#### [DATA BLOCK]

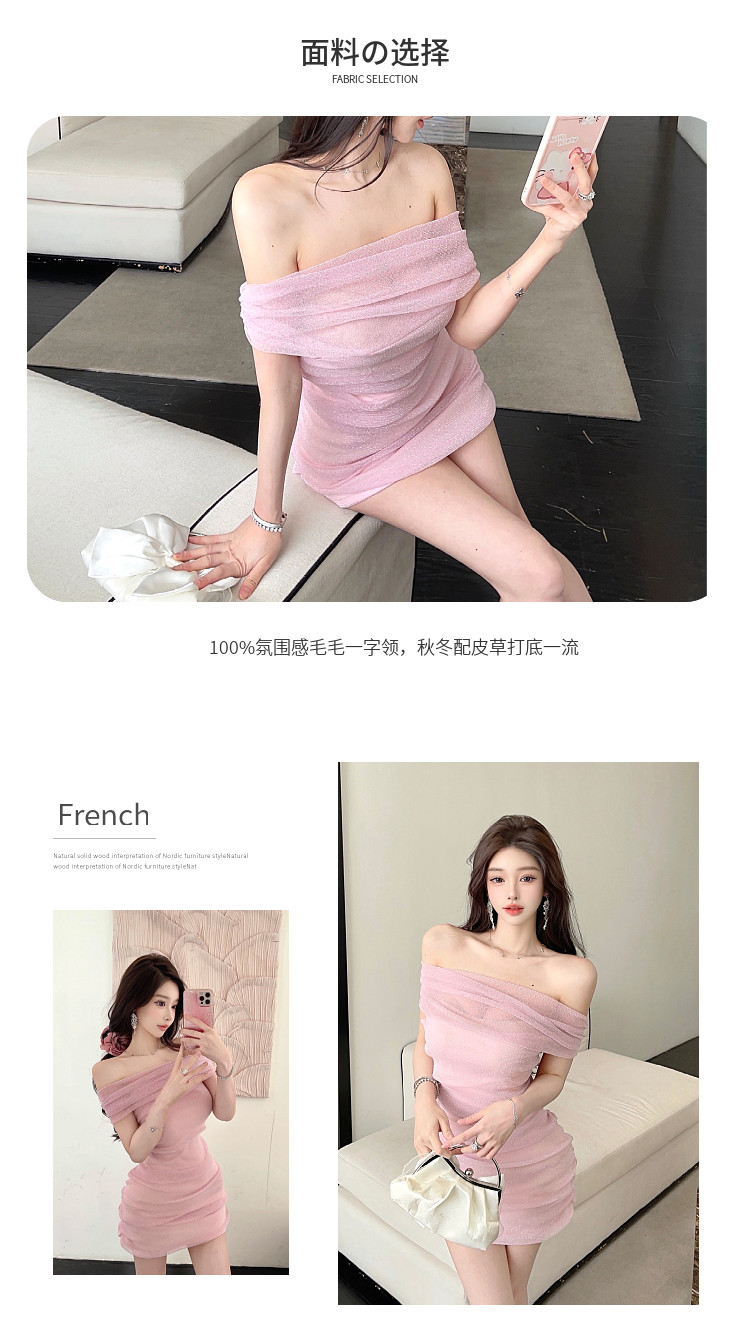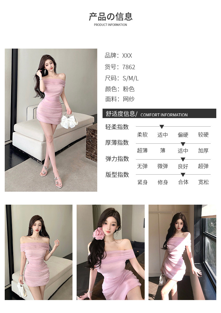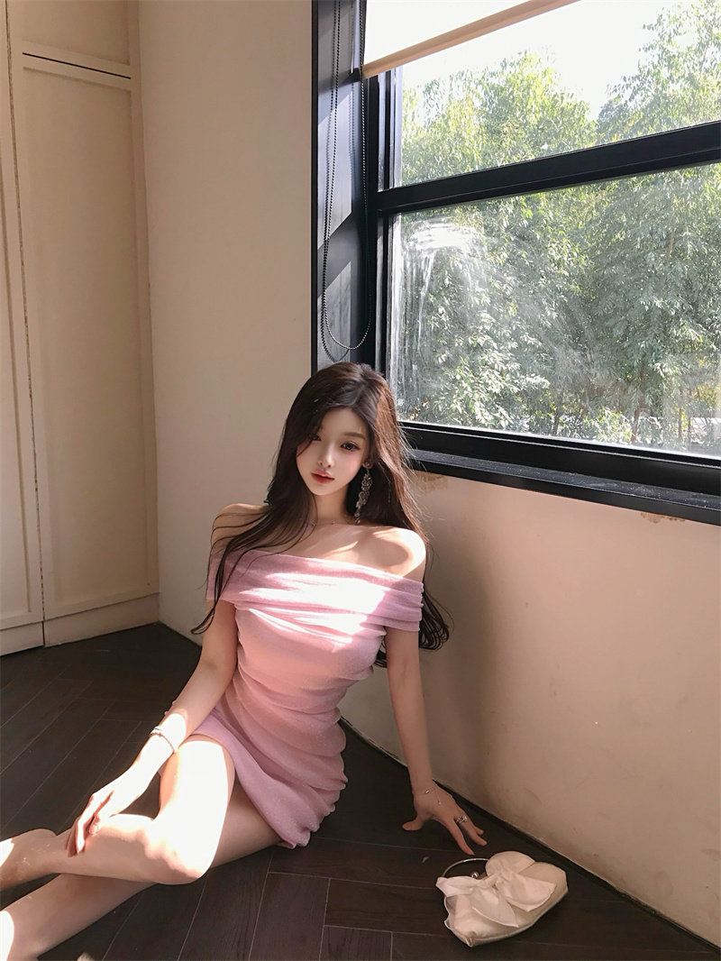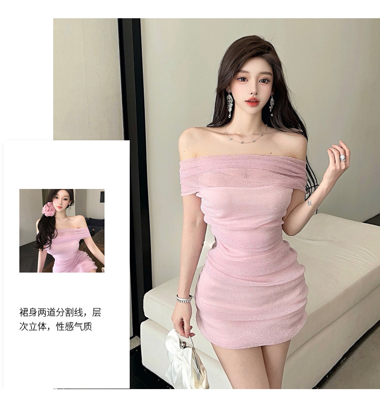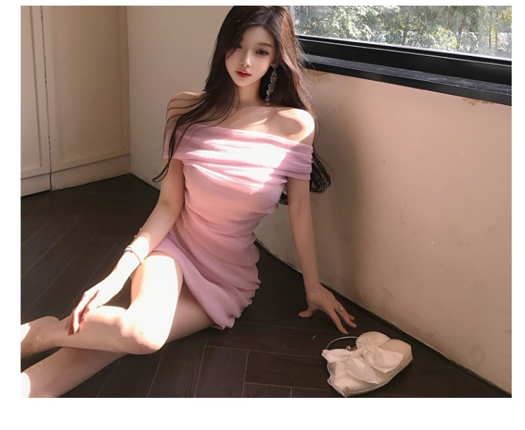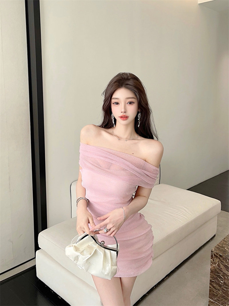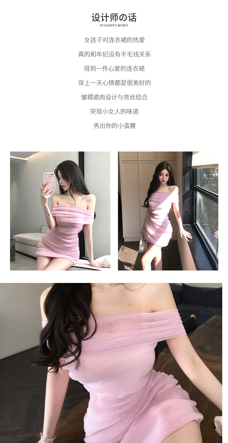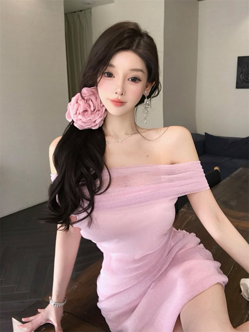 Pure desire style sexy pink strapless dress for women with a sense of luxury small stature temperament waist cinching and slimming hip hugging short skirt
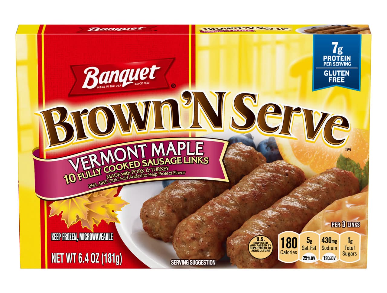 Banquet Brown ‘N Serve Vermont Maple Fully Cooked Sausage Links Frozen Meat is made with pork, turkey, and a special blend of spices and seasonings. Banquet Brown ‘N Serve Vermont Maple Sausage Links are gluten free and have 7 grams of protein per serving. With the commotion of getting ready for work and school, these breakfast sausages take away the headache of what to eat for breakfast on a hectic morning. Prepare the frozen sausages in a skillet in 7 minutes or in a microwave in 1 to 2 minutes; let stand for 1 minute. Keep sausage frozen. • Flavor: Vermont maple • Packaging: Reusable
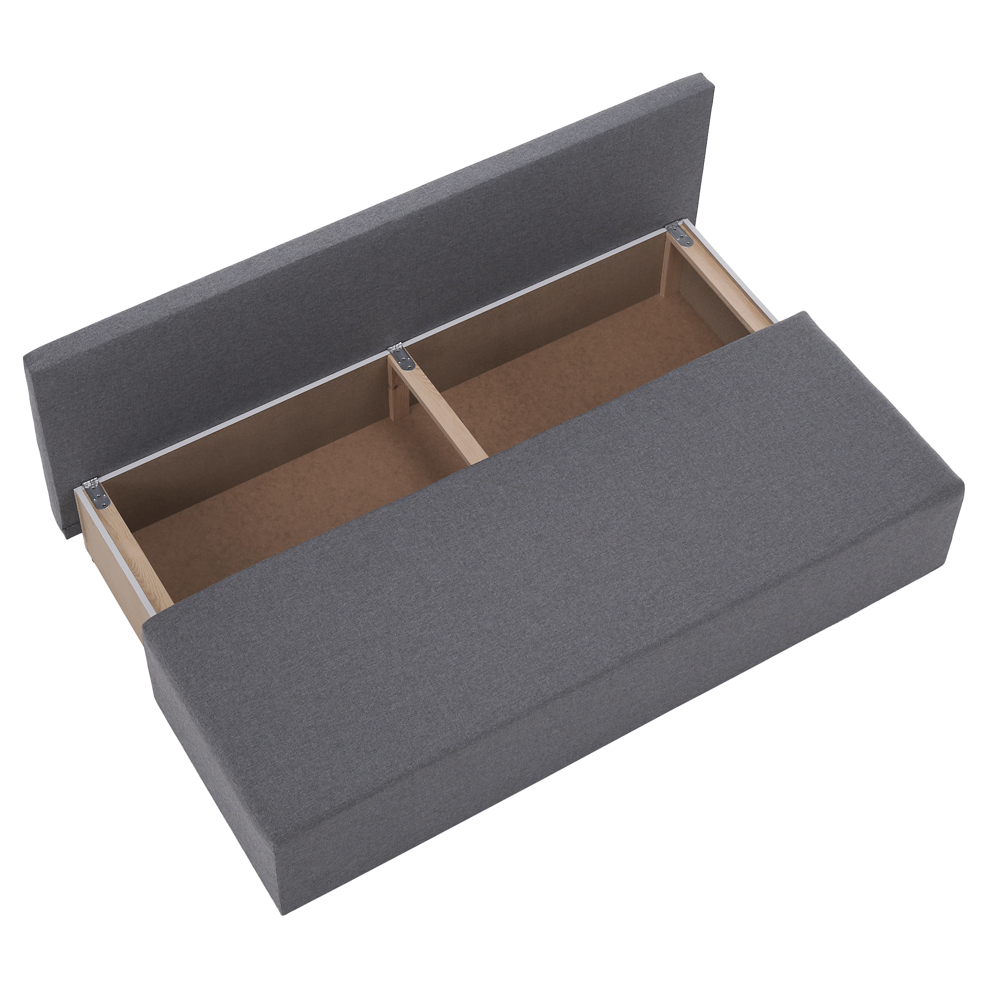 Materiál: látka Malmo 90 Oděruodolnost textilie podle testu Martindale: 30 000 oděrů Barva: světle šedá Rozměry (ŠxHxV): 200x79x78 cm Plocha na spaní (ŠxD): 140x200 cm Výška sedu: 40 cm Hloubka sedu: 48/70 cm Na nožičkách Materiál nožiček: plast Barva nožiček: černá Výška spodního prostoru od podlahy: 2,5 cm Výplň: pur pěna T28 Čalouněná Rozkládací Úložný prostor Dodávána s polštáři Rozměry velkého polštáře (ŠxV): 65x45 cm Rozměry malého polštáře (ŠxH):35x65 cm Nosnost na osobu: 90 kg Praktická Moderní Dodáváno v demontu

#### [DIRECTIONS]
Write out each line of the data exactly; the images should be left out.

#### [EXERCISE ANSWER]
 Pure desire style sexy pink strapless dress for women with a sense of luxury small stature temperament waist cinching and slimming hip hugging short skirt
 Banquet Brown ‘N Serve Vermont Maple Fully Cooked Sausage Links Frozen Meat is made with pork, turkey, and a special blend of spices and seasonings. Banquet Brown ‘N Serve Vermont Maple Sausage Links are gluten free and have 7 grams of protein per serving. With the commotion of getting ready for work and school, these breakfast sausages take away the headache of what to eat for breakfast on a hectic morning. Prepare the frozen sausages in a skillet in 7 minutes or in a microwave in 1 to 2 minutes; let stand for 1 minute. Keep sausage frozen. • Flavor: Vermont maple • Packaging: Reusable
 Materiál: látka Malmo 90 Oděruodolnost textilie podle testu Martindale: 30 000 oděrů Barva: světle šedá Rozměry (ŠxHxV): 200x79x78 cm Plocha na spaní (ŠxD): 140x200 cm Výška sedu: 40 cm Hloubka sedu: 48/70 cm Na nožičkách Materiál nožiček: plast Barva nožiček: černá Výška spodního prostoru od podlahy: 2,5 cm Výplň: pur pěna T28 Čalouněná Rozkládací Úložný prostor Dodávána s polštáři Rozměry velkého polštáře (ŠxV): 65x45 cm Rozměry malého polštáře (ŠxH):35x65 cm Nosnost na osobu: 90 kg Praktická Moderní Dodáváno v demontu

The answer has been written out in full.